Fourthly, Sakineh Ashtiani was acquitted on the murder charge. But she was convicted, by a different court, of having ‘illegitimate (illicit) relationship’ with two men – a charge different from ‘adultery’ (of a married woman) and therefore, according to Islamic code of punishment, not punishable by stoning. On this account she was sentenced to 99 lashes, which she was given in front of her son, plus 10 years’ imprisonment for ‘disturbing the social peace’ (!). Both cases were thus officially closed. However, at a later date the Province Court of Eastern Azerbaijan in Tabriz reopened Ashtiani’s case, and this time brought the charge of ‘adultery’ against her, asking for the punishment of stoning in accordance with the Shari’a law. In accordance with the new development in the case two-and-a-half years ago, I recommended Ashtiani’s children to contact Mohammad Mostafaei, a well-known defense attorney in ‘adultery’ and child execution cases. They did, and, fortunately, Mostafaei accepted Ashtiani’s case of ‘adultery’.
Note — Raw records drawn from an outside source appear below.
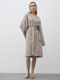 Женский вафельный халат Maison David (хлопок), пыльно-бежевый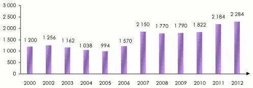 | 2012 | 2 389 | 5 283 | 4 904 | 12 576 |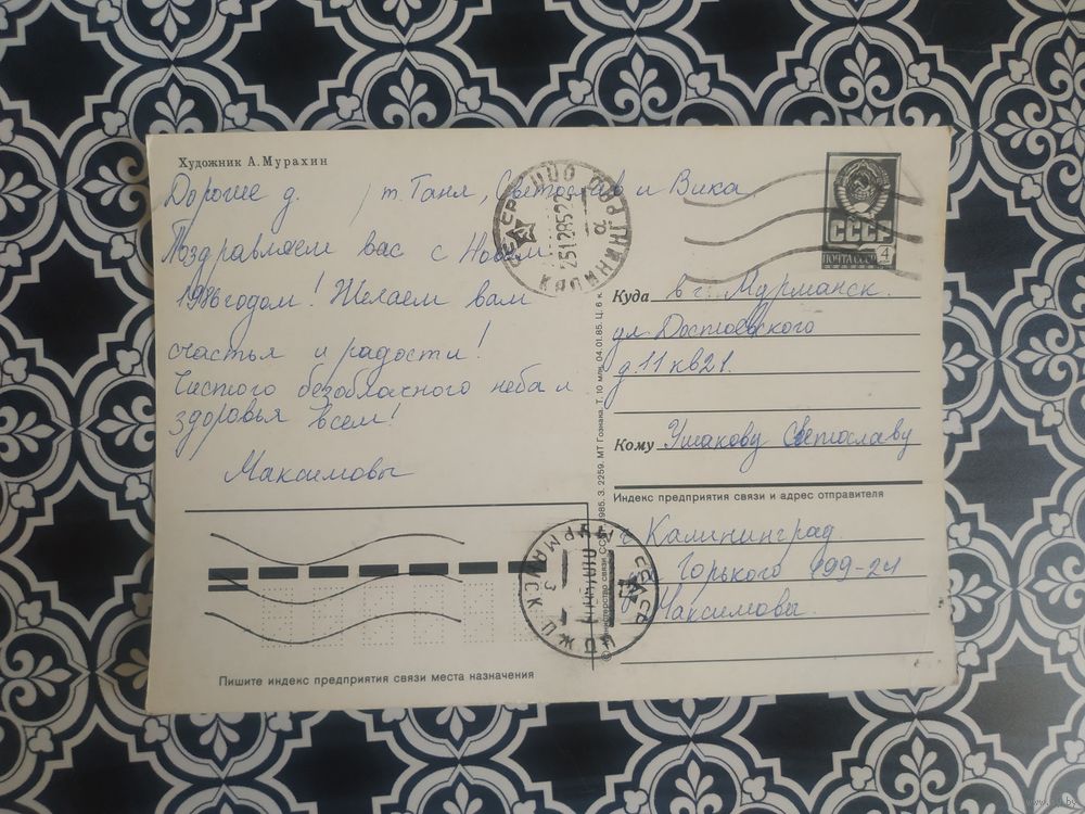 Открытка СССР 1985 год. Прошла почту. А.Мурахин .Состояние на скане.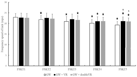 Frequency speed of kick test in different warm up conditions. ⋆ Statistically significant difference with FSKT1 (p < 0.05). &: Statistically significant difference between GW and GW + VR or between GW and GW+ double VR (p < 0.05).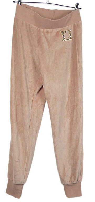 Dámské růžové sametové tepláky s nápisem z flitrů Lipsy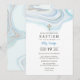 Um redemoinho de mármore em azuis delicados cria um belo design. Adornado com uma cruz.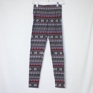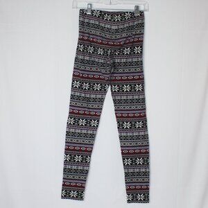 Aztec/Snowflake Black/Blue Red Leggings - waist - 12" unstretched, inseam - 29", rise - 8.5", length - 37", cuff - 4.25"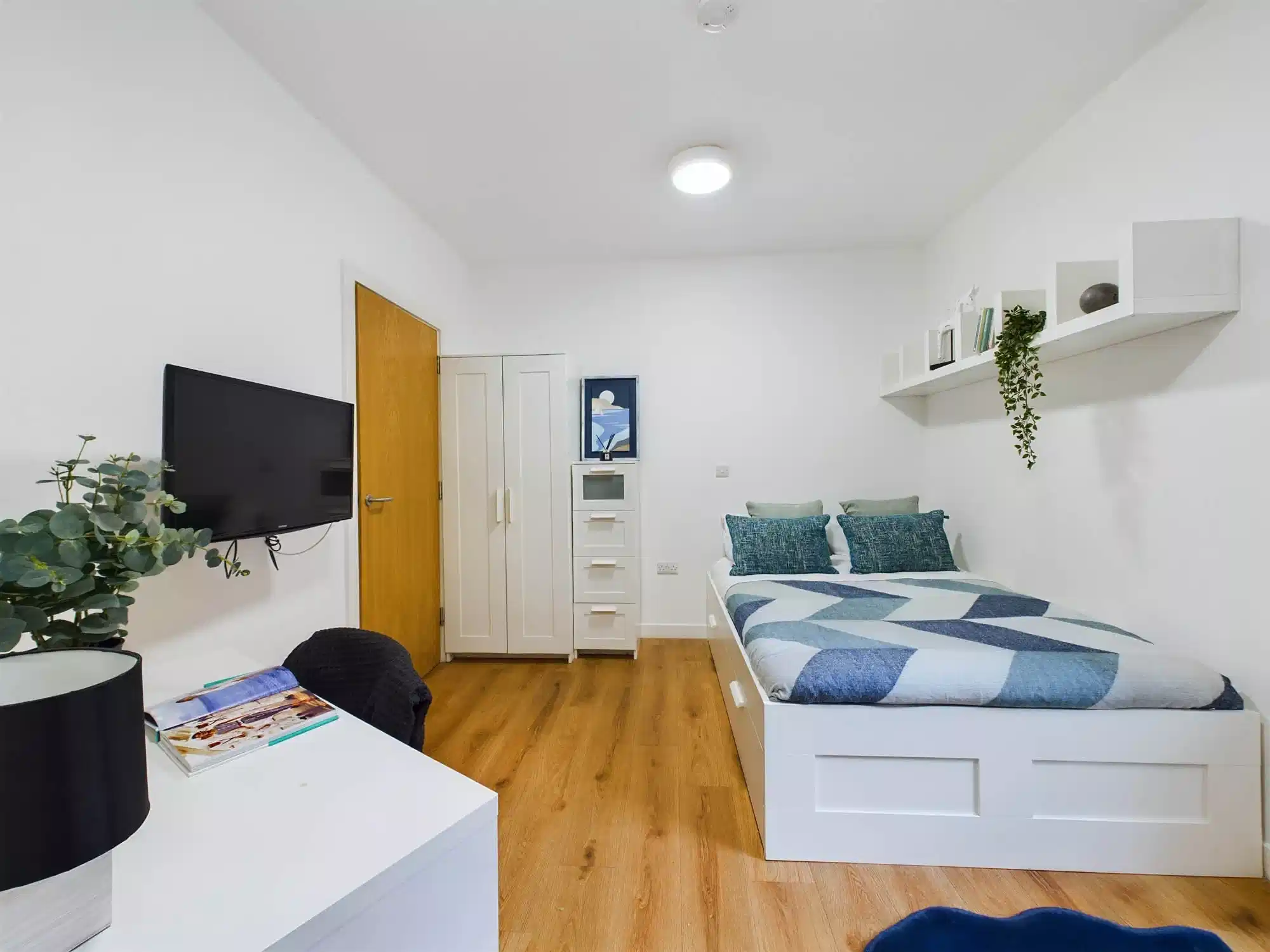 X1 The Edge Liverpool offers students a comfortable and well-equipped living space which offers room types such as the Ensuite Standard Room and Ensuite Deluxe Room. Each room comes furnished with a bed, desk and chair, providing a conducive environment for study and rest. Students enjoy the convenience of a fully fitted communal kitchen, perfect for preparing meals and socialising with flatmates. X1 The Edge student accommodation features ensuite standard rooms, each boasting a private ensuite bathroom for added privacy and comfort.
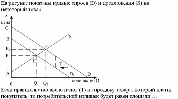 То излишек потребителя составит… a. - 232 b. - 243 c. - 261 d. - 256 13. Если функция спроса на товар задана уравнением Qd=45-3P, а функция предложения – Qs=2P+5, то излишек потребителя составит…. a. - 85,5 b. - 73,5 c. - 80 d. - 92 14. На рисунке показаны кривые спроса (D) предложения (S) на некоторый товар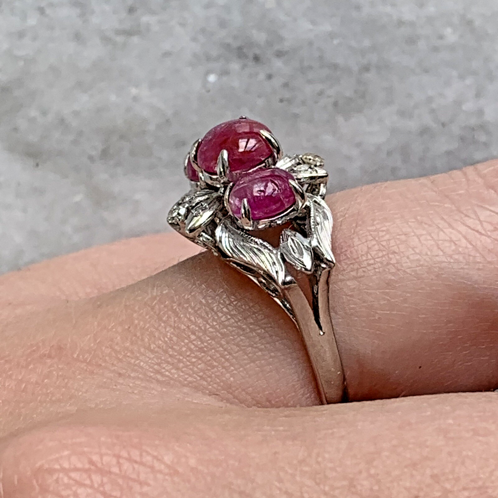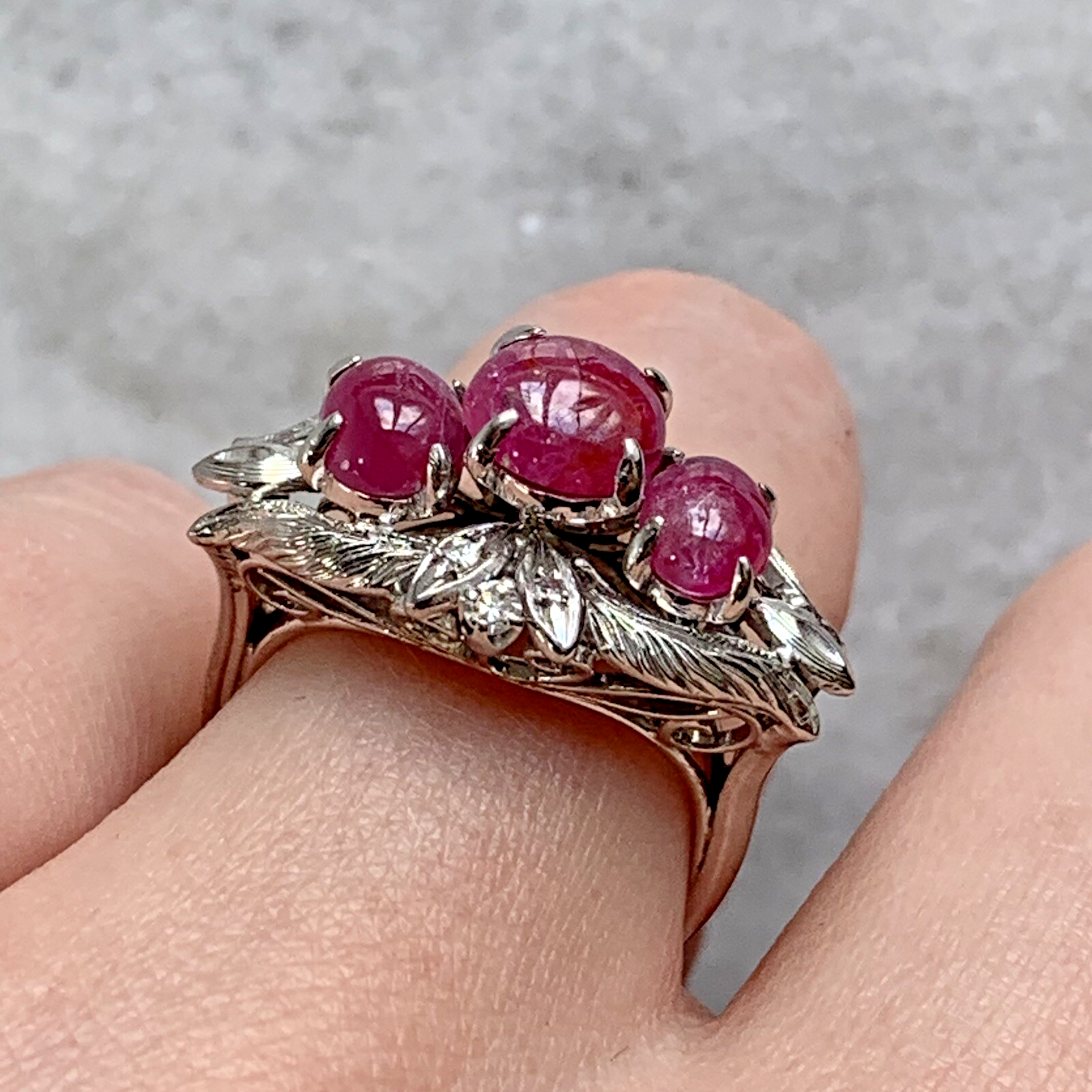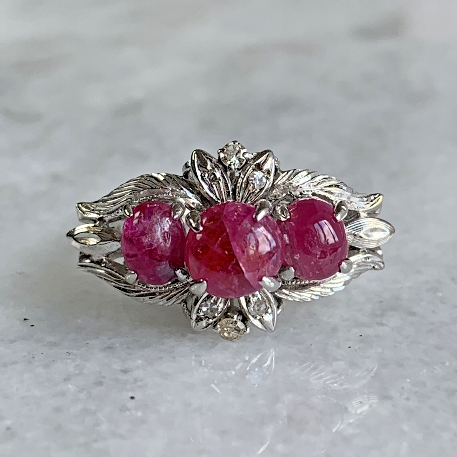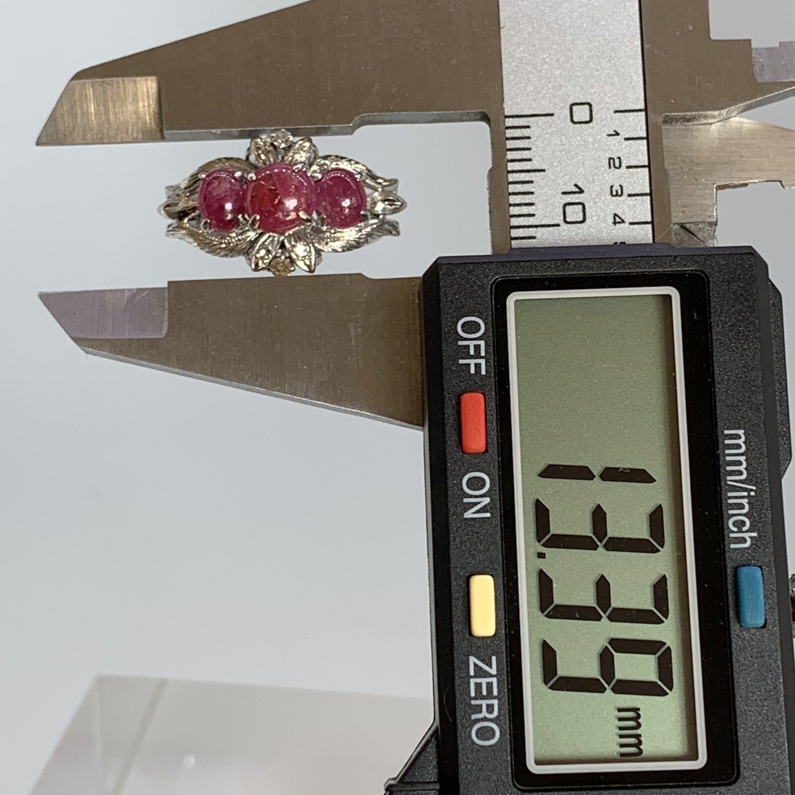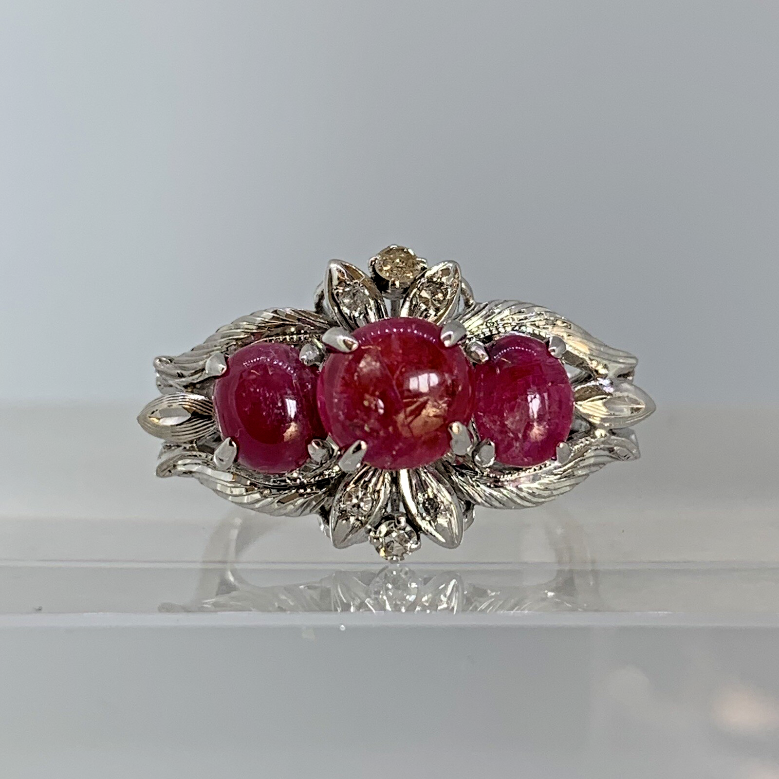 Ruby & Diamond 18 ct Gold Cabochon Bespoke Ornate White Gold - Size J

The Islamic regime in Iran, under immense international pressure opposing Ashtiani’s stoning or hanging sentences, has reopened her husband’s murder case. Desperate for not having any evidence to prove its case, it puts Ashtiani under torture, and later promises her, through the person of Hossein Nobakht, Tabriz Deputy Prosecutor, that if she appears on (the state) television and makes its desired confessions, she will be saved from execution by hanging. The regime thus tries to present Ashtiani to the world as an accomplice in her husband’s murder and thereby prepare the ground for her execution. It goes without saying, therefore, that under such momentous circumstances the statements made to Spiegel by Mohammad Mostafaei have been utterly irresponsible.
We therefore call on Mohammad Mostafaei and all those who express, on various occasions, their opinion on Sakineh Ashtiani’s case to do so with utmost precision and sense of responsibility.
Also, we call on the media to refer to the information available through the ICAS, the International Committee Against Execution (ICAE), the statements made by Ashtiani’s children, and those made by her murder-case lawyer, Hootan Kian.
All the above-mentioned information, as well as the official documents of the regime’s courts, only underline Ashtiani’s innocence of the trumped up murder charge.
Mina Ahadi,
Spokesperson
International Committee Against Stoning
International Committee Against Execution
August 17, 2010
Email: minaahadi@aol.com
Tel: 0049 (0) 1775692413
International Committee against Execution (ICAE)
www.notonemoreexecution.org
International Committee against Stoning (ICAS)
www.stopstonningnow.com
Nonsense. You are politicizing the case of a woman who was sentenced to death for murder. I am not judging whether she was involved in murder or not, I am just stating the facts. I am sure the Iranian Judiciary will come up with a decision and carry it out. If you people are seriously against stoning, by confrontation and threat you will not get anywhere. Engagement and reasoning goes a lot further. Execution is what you people should focus on, and find reasoning within the Islamic law (there are plenty) to persuade the government of Iran to first reduce and then stop all executions. If you are just anti-Iran for whatever reason, please stay out of this humanitarian (banning executions) because your confrontational attitude is hurting the cause, considerably, particularly in Iran.